Reilly, 59, will help Ruesselsheim, Germany-based Opel and its Vauxhall brand in the U.K. develop a long-term strategy while GM looks for a permanent head of its European business, the carmaker said today in a statement.

The executive ran Vauxhall in the late 1990s and led GM's European sales for less than a year before his appointment in 2002 to oversee GM Daewoo Auto & Technology Co. in South Korea. Reilly, who has led GM's international business since July, succeeds Carl-Peter Forster, who stepped down from the Opel post three days after GM decided on Nov. 3 to keep the division instead of selling it to Magna International Inc.
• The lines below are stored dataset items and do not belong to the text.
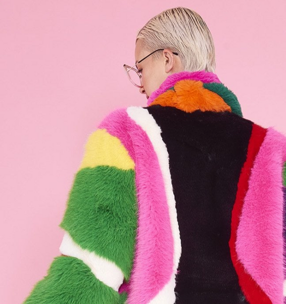 JAYLEY: MIXED FAUX FUR RAINBOW COAT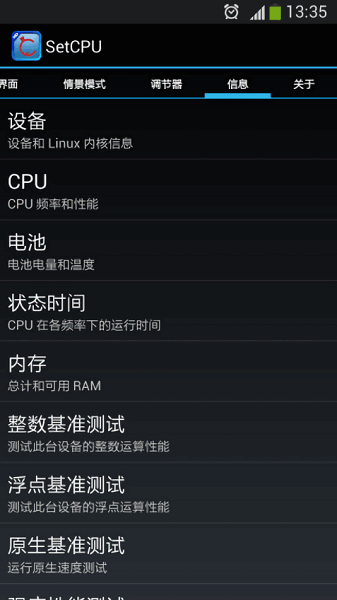 12.包含丰富的情景模式设置,用户可以根据设备和系统的条件来配置相应的CPU频率调节器,从而达到优化性能和省电的目的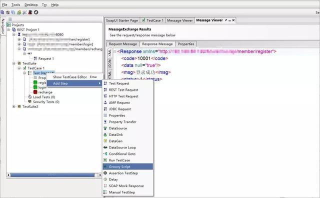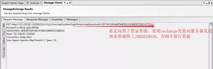 TestCase运行结果中,双击login运行step查看Respouse Message,切换到Raw视图,能看到JSESSIONID相关信息。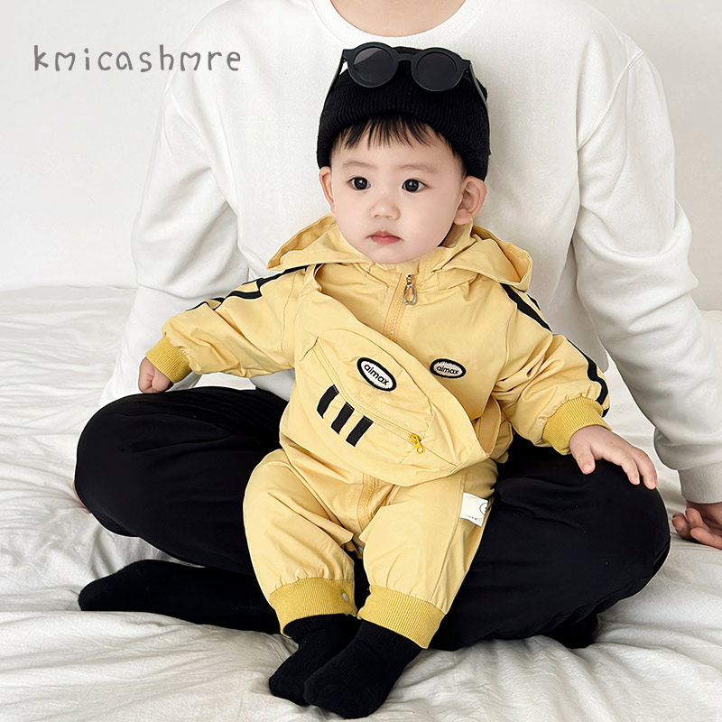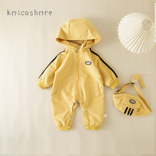 外出挎包双层秋天外套爬服 男宝连体衣春秋款 kmi婴儿秋装 衣服秋季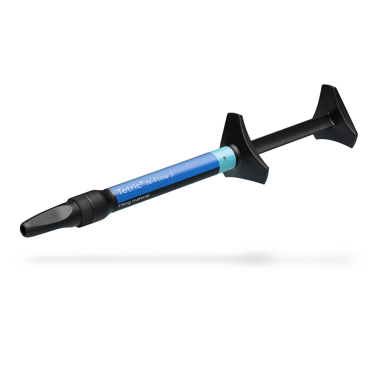 Tetric N-Flow 2 доступен в 14 различных оттенках: 3 оттенка дентина, 3 оттенка Bleach и 8 универсальных оттенков эмали, включая прозрачный оттенок. Он обладает тиксотропной консистенцией, благодаря чему при моделировании инструментами (приложении давления) имеет большую пластичность и текучесть, т. е. менее вязкий. При отсутствии давления он становится более вязким и стабильным, поэтому не стекает с гладких поверхностей зуба. Узкие канюли диаметром 0,9 мм, входящие в комплект, обеспечивают точное нанесение. Интенсивность света свыше 1 300 мВт/см2 (например, в сочетании с более коротким временем отверждения 5 с) нельзя применять на молочных зубах.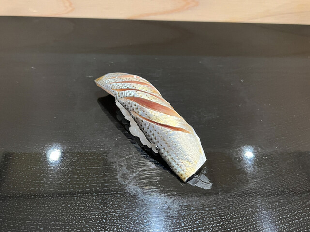 骨切りの包丁が入っているためか煮切りが身に細かく入り込んだ状態のチョット見慣れない寿司をおもむろに口に運ぶ。噛みしめ、味わうとジワっとくる旨味。どんな味?と言われても、タイやブリの様な分かりやすいと言うか特徴のある味では無い。身質は寿司ネタの一般的な物とは異なりフワっとした弾力を感じる。常連さんから、美味しいネタとは少し違うでしょうと声をかけられたが、その通りで、未知の食感と味。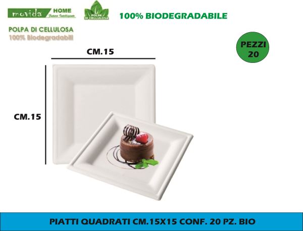 Piatti Quadrati Cm.15X15 Conf. 20 Pz. Bio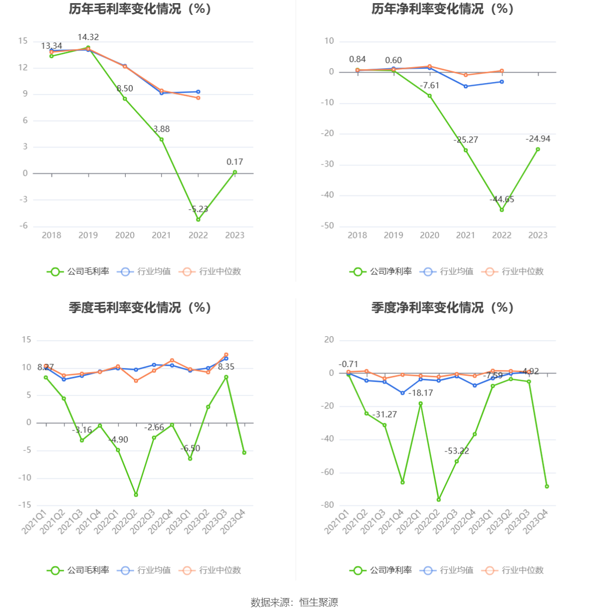 2023年,公司毛利率为0.17%,同比上升5.40个百分点;净利率为-24.94%,较上年同期上升19.71个百分点。从单季度指标来看,2023年第四季度公司毛利率为-5.39%,同比下降5.06个百分点,环比下降13.74个百分点;净利率为-68.38%,较上年同期下降31.63个百分点,较上一季度下降63.46个百分点。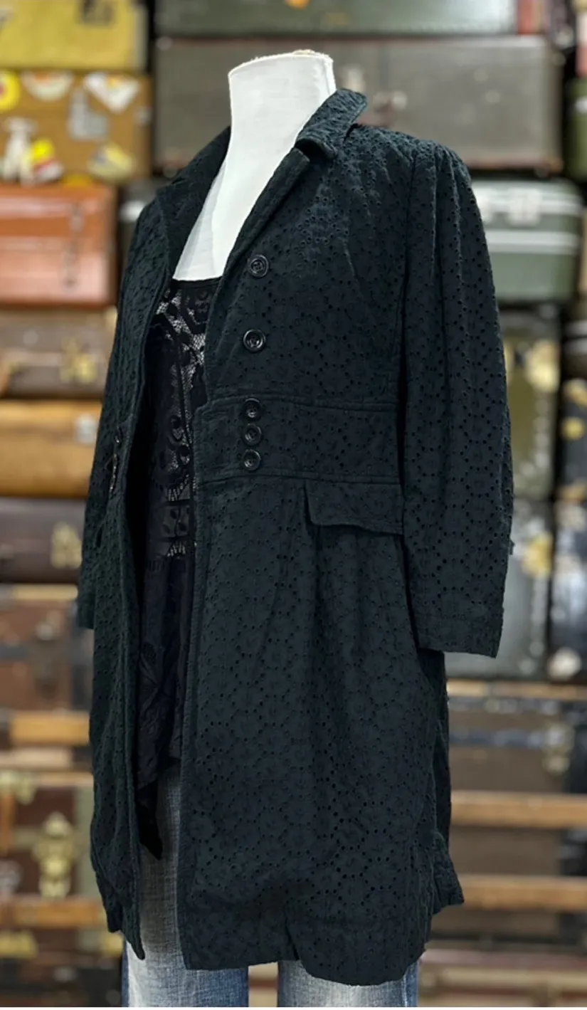 Womens size 6 Pit to pit 17" Waist 15" Length 34" Sleeve 20" Measurements approximate Cotton does not have stretch Lined jacket Made in Italy Button closure Faux decorative pockets Real side pockets Fast shipping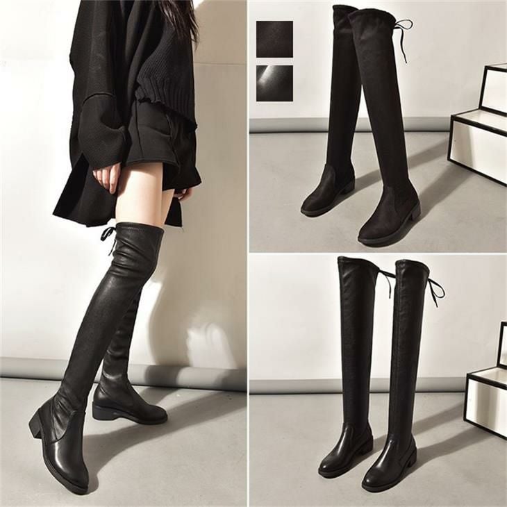 ニーハイ ストレッチブーツ 無地 ロングブーツ きれいめ ニーハイ ストレッチブーツ 無地 ロングブーツ きれいめ 膝上 ローヒール バックリボン トレンド おしゃれ 美脚 ラウンドトゥ 韓国ファッション【k3-bh681】【予約販売:15-20日】【送料無料】宅込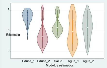 Como puede apreciarse en la penúltima fila de la tabla 6, el nivel de eficiencia media por modelos y sectores se sitúa en 81,3%, 49,7%, 66,6%, 52,8% y 62,0% para los modelos 1 y 2 de educación, 3 de salud y 4 y 5 de agua, respectivamente. Los RVE indican que los municipios, según sus respectivas actividades, podrían reducir sus inputs en los valores complementarios a 100%. La figura 5 muestra los gráficos violín según los modelos estimados. Los modelos Educa_1 y Salud observan la menor dispersión y los valores de eficiencia en general más elevados, frente a los otros tres modelos con mayor dispersión y menores niveles de eficiencia.

"Slashing costs will be Reilly's main assignment," said Ferdinand Dudenhoeffer, director of the Center for Automotive Research at the University of Duisburg-Essen in western Germany. "He has no choice but to step on the spending brakes."

GM's board agreed to keep full ownership of Opel rather than proceed with the sale of a 55 percent stake to Aurora, Ontario-based Magna, Canada's largest car-parts maker, and Russian partner OAO Sberbank. The reversal angered Opel's unions as well as German politicians, who had lobbied for a transaction with Magna and pledged 4.5 billion euros ($6.7 billion) in government aid.

'Deep Experience'

"With his deep experience with the Opel and Vauxhall brands, Nick is well suited to lead this transition and to work toward the earliest possible normalization of the business," GM Chief Executive Officer Fritz Henderson said in the statement.

The search for Opel's new chief will take months rather than weeks, without stretching to "a lot of months," Henderson said at a news conference today in Ruesselsheim. The person should speak German and understand European markets, and doesn't have to be from an automaker, he said.

GM's main challenge in Europe is "rebuilding confidence and trust with the workforce and the communities in which we operate," Henderson said.